Vice: Project Doom's cover looks like something you'd see on a bootleg GI Joe box, and you'd be forgiven for dismissing it on sight as some cheap 8-bit crap not worth your time. I first came across it while watching Jeff Gertmann blow through some retro games on Giant Bomb dot com, a website that was, at one point, about video games. This is a good case of not judging something by its cover, because Project Doom has great presentation in-game, and backs it up with excellent gameplay and a surprising amount of variety.

Vice: Project Doom is broken into three distinct gameplay types: Overhead driving, shooting gallery, and Ninja Gaiden. The comparison gets brought up a lot because it's incredibly appropriate. If it weren't for these being countless other Ninja Gaiden derivatives on the system, I'd question how they got away with it. But what sets this game apart from the other knock offs is the developer's keen understanding of what makes Ninja Gaiden fun, while smartly ditching other elements that held those games back. None of the bosses feel like slowly punching down a brick wall like they do in the Gaiden games, for example, and the level design doesn't feel as punishing to go through after a game over.

The other two gameplay modes feel pretty fleshed out in their own right. The overhead driving segments are a lot of fun, and opening the game on one is a great way of immediately throwing the player into the action. It sets the tone and the pace of the game immediately. The shooting gallery sections might be my least favorite of the three types, but they're still solid for what they are (and probably a lot more fun with a light gun, assuming one works with the game, I have no idea.)

The story is presented exactly like it is in Ninja Gaiden, and it's every bit as insane. Aliens have been pulling the strings in our society for decades, but their food source, Gel, has begun to spread through the underworld as a street drug. Detective Hart, a vice cop, has to investigate the corporation the aliens use as a front. And by "investigate" I mean "shoot aliens indiscriminately" and also "commit untold amounts of vehicular manslaughter."
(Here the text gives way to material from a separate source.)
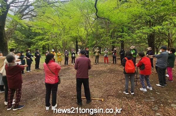 프로그램은 숲 해설사의 진행에 따라 내장산 알아보기, 오감 산책, 케이블카 전경 관람, 솔티마을 모시떡 만들기 체험 등으로 진행됐다.

This was a very late era NES game, releasing in 1991 both in Japan and America. It definitely shows as the game really pushes the NES hardware, but I have to wonder how much more they could've gotten up to by making this a 16-bit game instead. Perhaps it's for the best that they didn't, as it's trying to emulate a very specific game. If NES action-platformers are your kind of game, then good news, you can play this on the Switch. Or pirate it! Detective Hart would probably shoot you dead if you so much as thought about it, but he lives in the video game and can't hurt you.

Reviewed on Jun 17, 2022


1 Comment


1 year ago

"Vice: Project Doom's cover looks like something you'd see on a bootleg GI Joe box, and you'd be forgiven for dismissing it on sight as some cheap 8-bit crap not worth your time."

You aren't lying, that game cover is so very bad....like so very very bad.